**Activity:** Pictures are to be dropped. Everything else in the listing gets copied exactly.

**Data segment:**

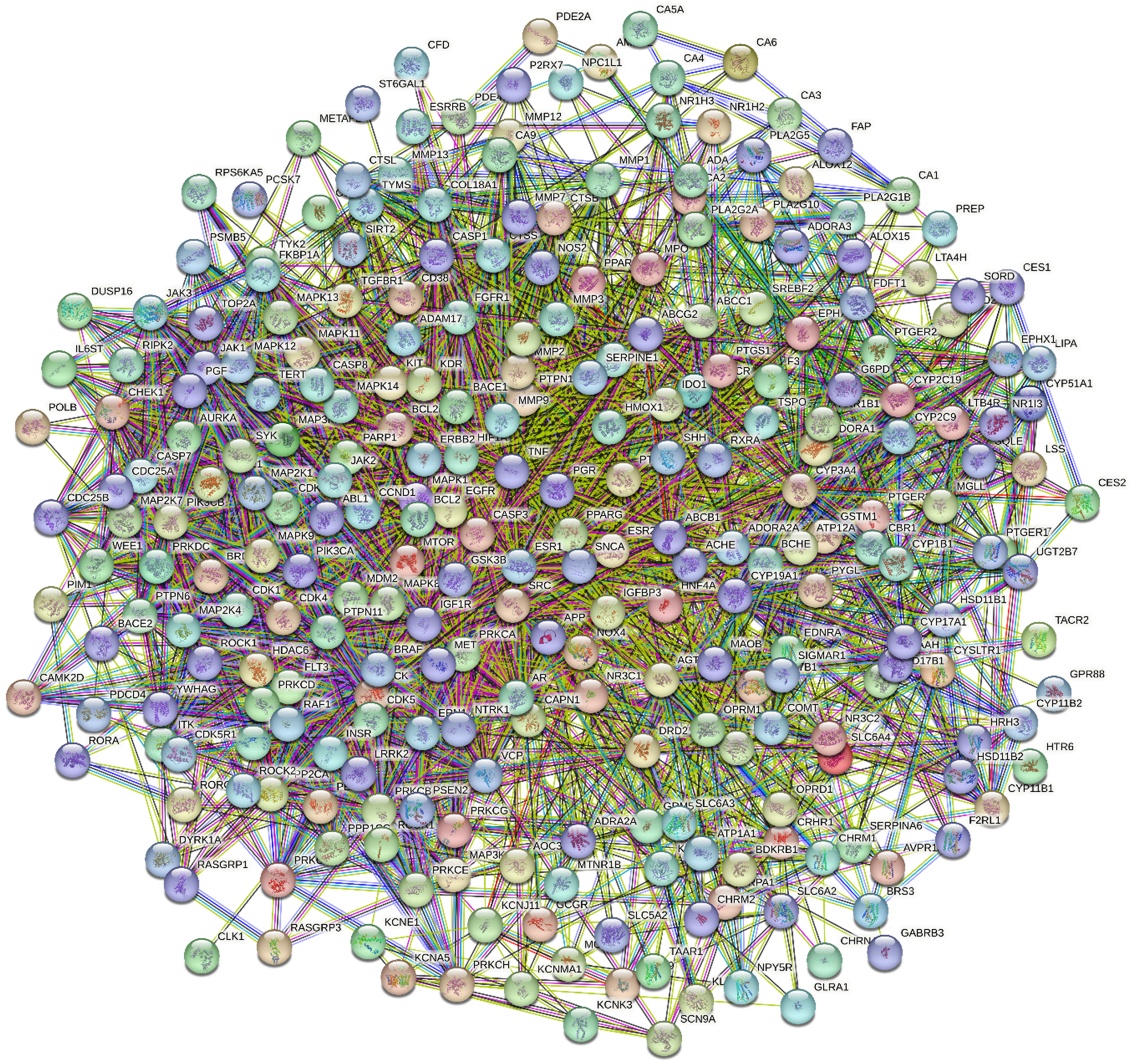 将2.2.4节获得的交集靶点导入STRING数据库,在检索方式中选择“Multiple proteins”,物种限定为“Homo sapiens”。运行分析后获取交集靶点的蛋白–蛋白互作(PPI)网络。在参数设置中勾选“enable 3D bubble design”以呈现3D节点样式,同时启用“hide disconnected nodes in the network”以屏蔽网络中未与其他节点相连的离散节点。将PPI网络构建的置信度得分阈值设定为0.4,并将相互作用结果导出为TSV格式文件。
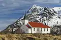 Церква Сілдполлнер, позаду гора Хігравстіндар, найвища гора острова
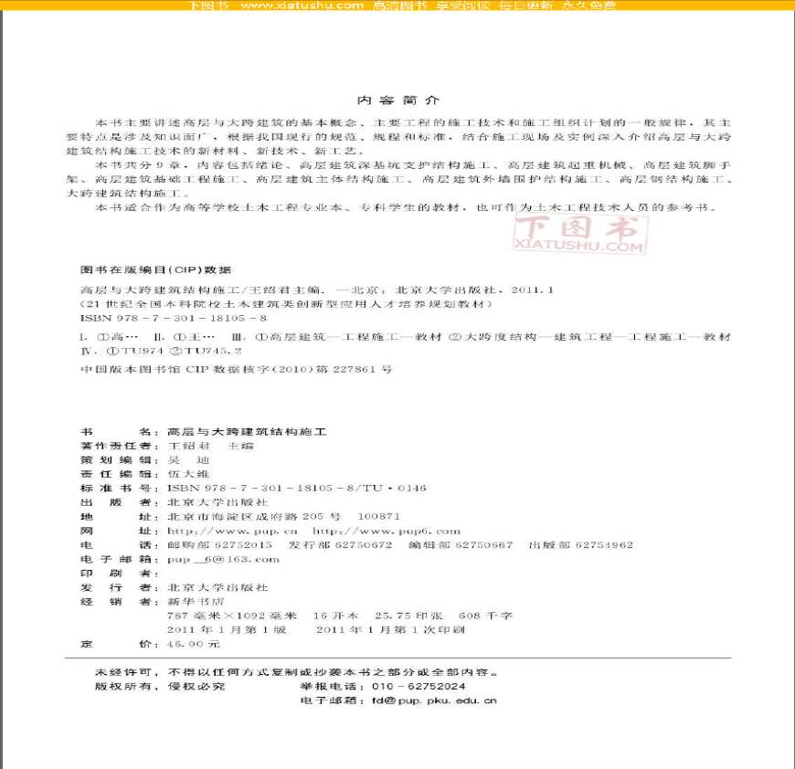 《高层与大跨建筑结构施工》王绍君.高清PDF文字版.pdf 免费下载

**Exercise answer:**
 将2.2.4节获得的交集靶点导入STRING数据库,在检索方式中选择“Multiple proteins”,物种限定为“Homo sapiens”。运行分析后获取交集靶点的蛋白–蛋白互作(PPI)网络。在参数设置中勾选“enable 3D bubble design”以呈现3D节点样式,同时启用“hide disconnected nodes in the network”以屏蔽网络中未与其他节点相连的离散节点。将PPI网络构建的置信度得分阈值设定为0.4,并将相互作用结果导出为TSV格式文件。
 Церква Сілдполлнер, позаду гора Хігравстіндар, найвища гора острова
 《高层与大跨建筑结构施工》王绍君.高清PDF文字版.pdf 免费下载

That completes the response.